Ambari makes Hadoop management simpler by providing a consistent, secure platform for operational control. Ambari provides an intuitive Web UI as well as a robust REST API, which is particularly useful for automating cluster operations. With Ambari, Hadoop operators get the following core benefits:
Simplified Installation, Configuration and Management: Easily and efficiently create, manage and monitor clusters at scale. Takes the guesswork out of configuration with Smart Configs and Cluster Recommendations.
Centralized Security Setup: Reduce the complexity to administer and configure cluster security across the entire platform. Helps automate the setup and configuration of advanced cluster security capabilities such as Kerberos and Apache Ranger.
Full Visibility into Cluster Health: Ensure your cluster is healthy and available with a holistic approach to monitoring. Configures predefined alerts — based on operational best practices — for cluster monitoring. Captures and visualizes critical operational metrics for analysis and troubleshooting. Integrated with Hortonworks Smart Sense for proactive issue prevention and resolution.
Highly Extensible and Customizable: Enables Hadoop to fit seamlessly into your enterprise environment. Highly extensible with Ambari Stacks for bringing custom services under management, and with Views for customizing the Ambari Web UI.
Apache Ambari: Mission
Ambari enables System Administrators to:
- Provision a Hadoop Cluster
- Ambari provides a step-by-step wizard for installing Hadoop services across any number of hosts.
- Ambari handles configuration of Hadoop services for the cluster.
- Manage a Hadoop Cluster
- Ambari provides central management for starting, stopping, and reconfiguring Hadoop services across the entire cluster.

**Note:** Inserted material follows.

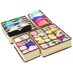 KIT Organizador de Meias Cuecas Calcinhas Roupas Íntimas para Gaveta Organizador de meias e roupas íntimas Basta posicionar o organizador em seu armário, closet ou arara e pronto. Você terá muito mais espaço em seu armário para organizar suas roupas e objetos da melhor maneira que preferir. Outro aspecto importante está no fato de que, além de organizar, o item permite que roupas e objetos ocupem muito menos espaço após o armazenamento. - Material: Tnt Reforçado; - Material extremamente resistente e durável; - Estrutura reforçada não amassa ou deforma ; - Tecido lavável; - Design inovador e moderno; 1 peça - 24 espaços 333010cm para calcinhas, meias, cuecas, gravatas, etc. 1 peça - 8 espaços 30169cm para calcinhas, meias, cuecas, gravatas, etc. 1 peça -7 espaços 301610cm para sutiãs, cachecois, etc. 1 peça - 6 espaços 331610cm para sutiãs, cachecois, etc.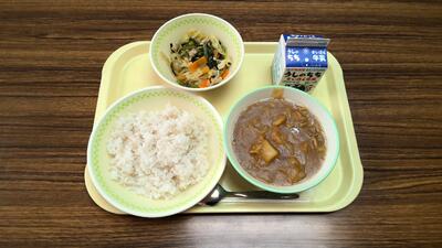 牛乳、カレーライス(麦ごはん)、小松菜の香味炒め

- Monitor a Hadoop Cluster
- Ambari provides a dashboard for monitoring health and status of the Hadoop cluster.
- Ambari leverages Ambari Metrics Systemfor metrics collection.
- Ambari leverages Ambari Alert Frameworkfor system alerting and will notify you when your attention is needed (e.g., a node goes down, remaining disk space is low, etc.)
- Ambari enables Application Developers and System Integrators to:
- Easily integrate Hadoop provisioning, management, and monitoring capabilities to their own applications with the Ambari REST APIs.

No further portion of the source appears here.